### About this task
Among the lines below, keep only those from the one containing "Art Deco Arizona" through the one containing "Um fiskinn: Gulleituri", and reproduce them exactly.

### Extracted material
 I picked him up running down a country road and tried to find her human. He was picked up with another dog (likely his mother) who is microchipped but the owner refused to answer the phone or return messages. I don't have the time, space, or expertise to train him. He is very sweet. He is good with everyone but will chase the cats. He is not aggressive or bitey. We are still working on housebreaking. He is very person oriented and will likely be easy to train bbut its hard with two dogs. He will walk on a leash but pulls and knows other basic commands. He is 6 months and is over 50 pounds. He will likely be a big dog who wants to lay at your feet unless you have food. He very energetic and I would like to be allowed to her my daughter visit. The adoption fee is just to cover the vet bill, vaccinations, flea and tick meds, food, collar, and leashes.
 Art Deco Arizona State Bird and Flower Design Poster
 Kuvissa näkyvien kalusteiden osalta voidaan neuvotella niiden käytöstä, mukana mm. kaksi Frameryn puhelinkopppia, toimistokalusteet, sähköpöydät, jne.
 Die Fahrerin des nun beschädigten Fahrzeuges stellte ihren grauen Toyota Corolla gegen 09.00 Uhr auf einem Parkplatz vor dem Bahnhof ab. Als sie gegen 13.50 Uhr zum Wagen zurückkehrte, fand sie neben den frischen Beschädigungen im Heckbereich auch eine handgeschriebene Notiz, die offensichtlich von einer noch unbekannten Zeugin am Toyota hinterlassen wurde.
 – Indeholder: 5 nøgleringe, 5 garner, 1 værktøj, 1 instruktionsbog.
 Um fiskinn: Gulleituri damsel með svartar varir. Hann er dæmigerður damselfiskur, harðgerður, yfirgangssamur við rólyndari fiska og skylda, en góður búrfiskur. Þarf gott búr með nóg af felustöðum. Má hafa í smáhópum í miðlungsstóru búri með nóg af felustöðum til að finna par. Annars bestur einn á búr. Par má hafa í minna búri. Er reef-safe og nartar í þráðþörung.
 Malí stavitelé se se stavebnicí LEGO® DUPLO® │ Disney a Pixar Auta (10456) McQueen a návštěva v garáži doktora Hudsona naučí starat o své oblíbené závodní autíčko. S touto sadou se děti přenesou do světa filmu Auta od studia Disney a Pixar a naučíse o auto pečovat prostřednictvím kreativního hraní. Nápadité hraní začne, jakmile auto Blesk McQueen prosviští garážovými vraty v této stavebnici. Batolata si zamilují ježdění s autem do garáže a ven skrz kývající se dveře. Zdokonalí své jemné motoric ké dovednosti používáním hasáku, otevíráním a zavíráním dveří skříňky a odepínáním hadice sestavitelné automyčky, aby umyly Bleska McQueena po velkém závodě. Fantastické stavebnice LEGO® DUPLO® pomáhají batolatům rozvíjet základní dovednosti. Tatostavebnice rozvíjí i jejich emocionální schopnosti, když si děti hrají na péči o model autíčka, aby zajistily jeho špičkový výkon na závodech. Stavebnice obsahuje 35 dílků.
...
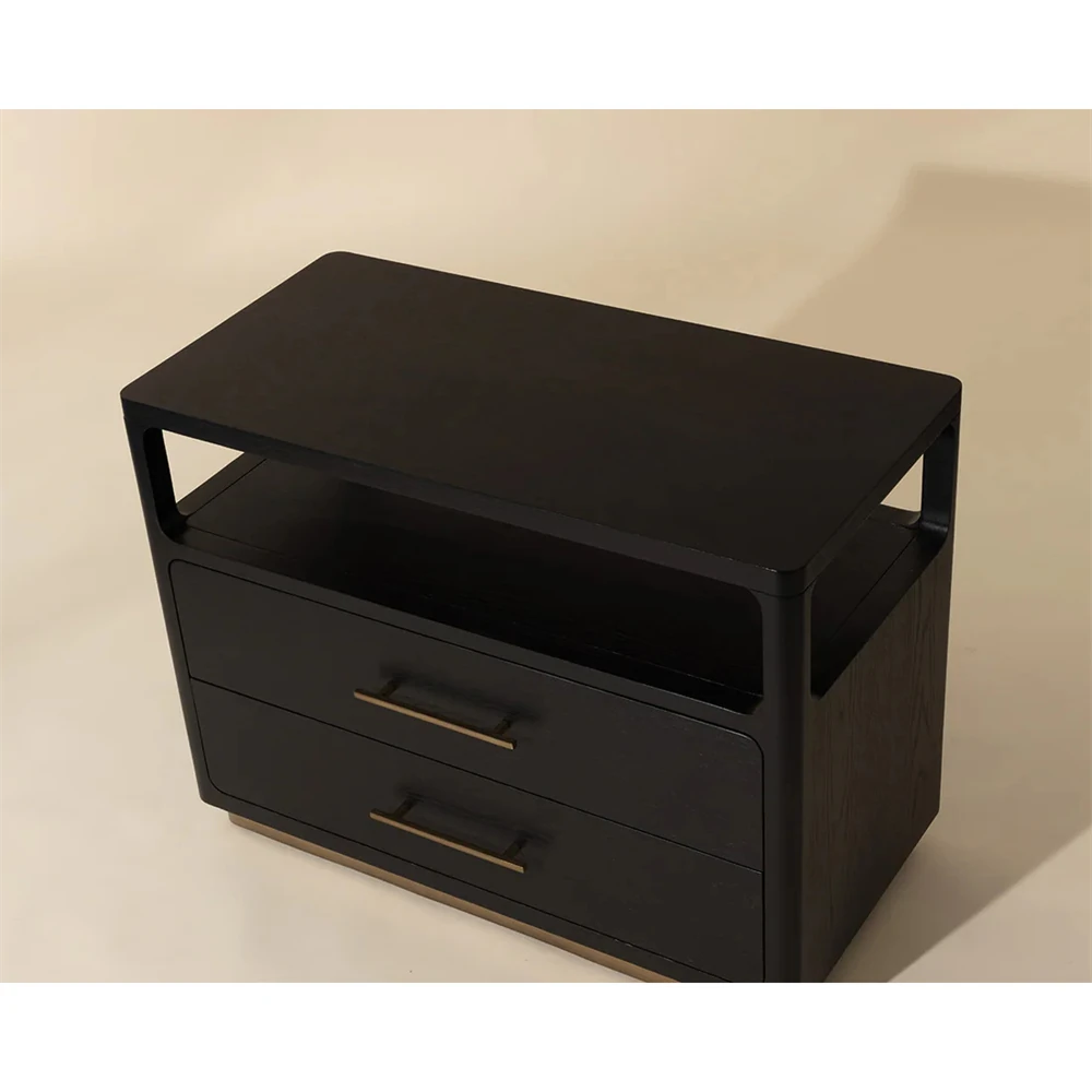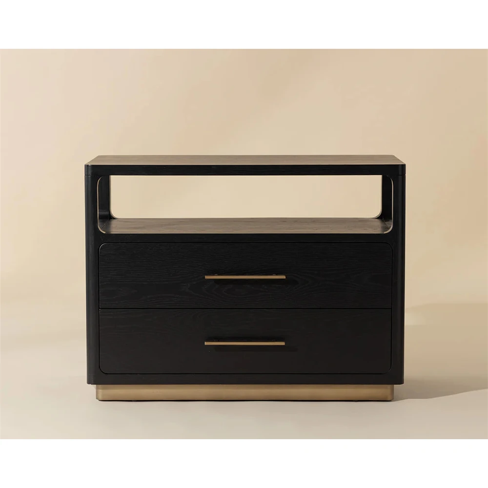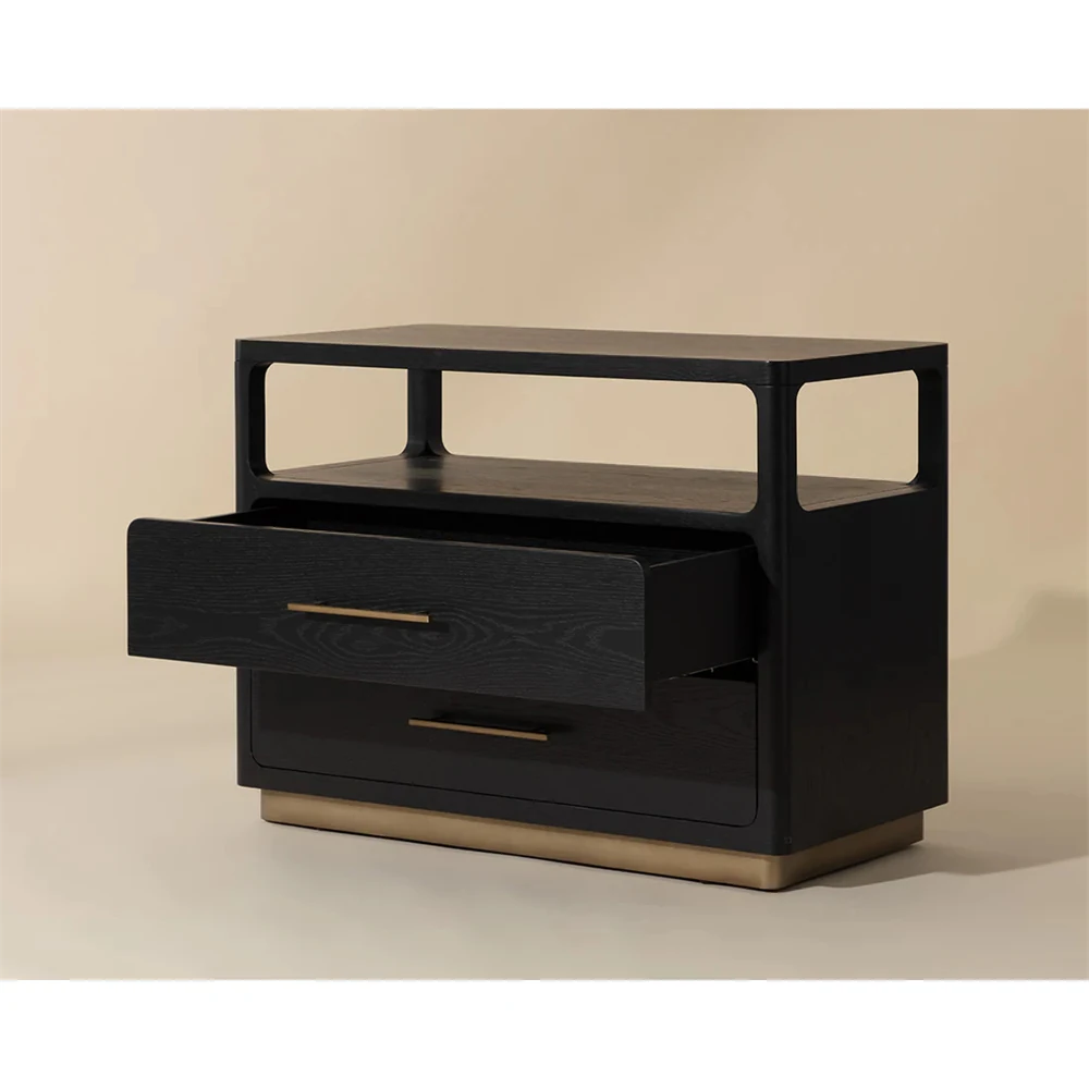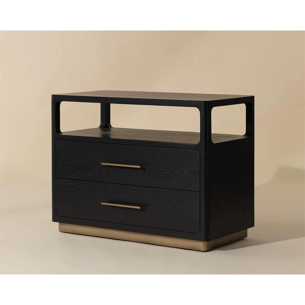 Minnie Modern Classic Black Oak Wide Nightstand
...
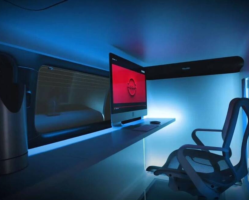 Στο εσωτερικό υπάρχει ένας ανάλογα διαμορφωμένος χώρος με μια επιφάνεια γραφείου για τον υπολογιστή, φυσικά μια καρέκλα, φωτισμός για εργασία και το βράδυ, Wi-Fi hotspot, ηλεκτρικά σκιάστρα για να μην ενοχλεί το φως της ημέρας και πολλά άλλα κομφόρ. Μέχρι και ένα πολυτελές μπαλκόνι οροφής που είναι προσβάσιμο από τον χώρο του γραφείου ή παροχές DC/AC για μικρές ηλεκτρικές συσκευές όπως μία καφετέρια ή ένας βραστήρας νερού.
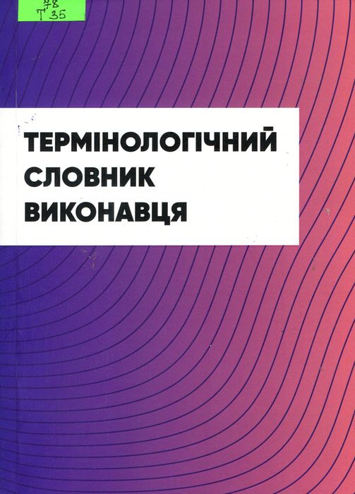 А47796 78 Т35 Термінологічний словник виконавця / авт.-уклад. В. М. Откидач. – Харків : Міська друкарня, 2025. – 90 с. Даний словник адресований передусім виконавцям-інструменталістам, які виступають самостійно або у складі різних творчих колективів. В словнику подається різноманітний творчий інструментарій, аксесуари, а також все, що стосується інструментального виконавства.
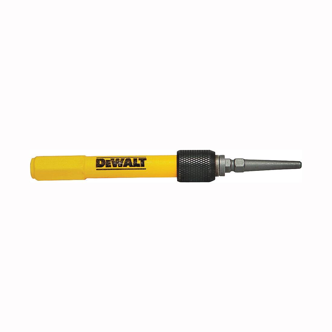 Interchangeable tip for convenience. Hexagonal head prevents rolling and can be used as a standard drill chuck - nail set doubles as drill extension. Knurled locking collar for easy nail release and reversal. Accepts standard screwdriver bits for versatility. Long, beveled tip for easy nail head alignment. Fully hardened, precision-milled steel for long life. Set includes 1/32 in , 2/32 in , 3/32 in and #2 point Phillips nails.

### Response
 Art Deco Arizona State Bird and Flower Design Poster
 Kuvissa näkyvien kalusteiden osalta voidaan neuvotella niiden käytöstä, mukana mm. kaksi Frameryn puhelinkopppia, toimistokalusteet, sähköpöydät, jne.
 Die Fahrerin des nun beschädigten Fahrzeuges stellte ihren grauen Toyota Corolla gegen 09.00 Uhr auf einem Parkplatz vor dem Bahnhof ab. Als sie gegen 13.50 Uhr zum Wagen zurückkehrte, fand sie neben den frischen Beschädigungen im Heckbereich auch eine handgeschriebene Notiz, die offensichtlich von einer noch unbekannten Zeugin am Toyota hinterlassen wurde.
 – Indeholder: 5 nøgleringe, 5 garner, 1 værktøj, 1 instruktionsbog.
 Um fiskinn: Gulleituri damsel með svartar varir. Hann er dæmigerður damselfiskur, harðgerður, yfirgangssamur við rólyndari fiska og skylda, en góður búrfiskur. Þarf gott búr með nóg af felustöðum. Má hafa í smáhópum í miðlungsstóru búri með nóg af felustöðum til að finna par. Annars bestur einn á búr. Par má hafa í minna búri. Er reef-safe og nartar í þráðþörung.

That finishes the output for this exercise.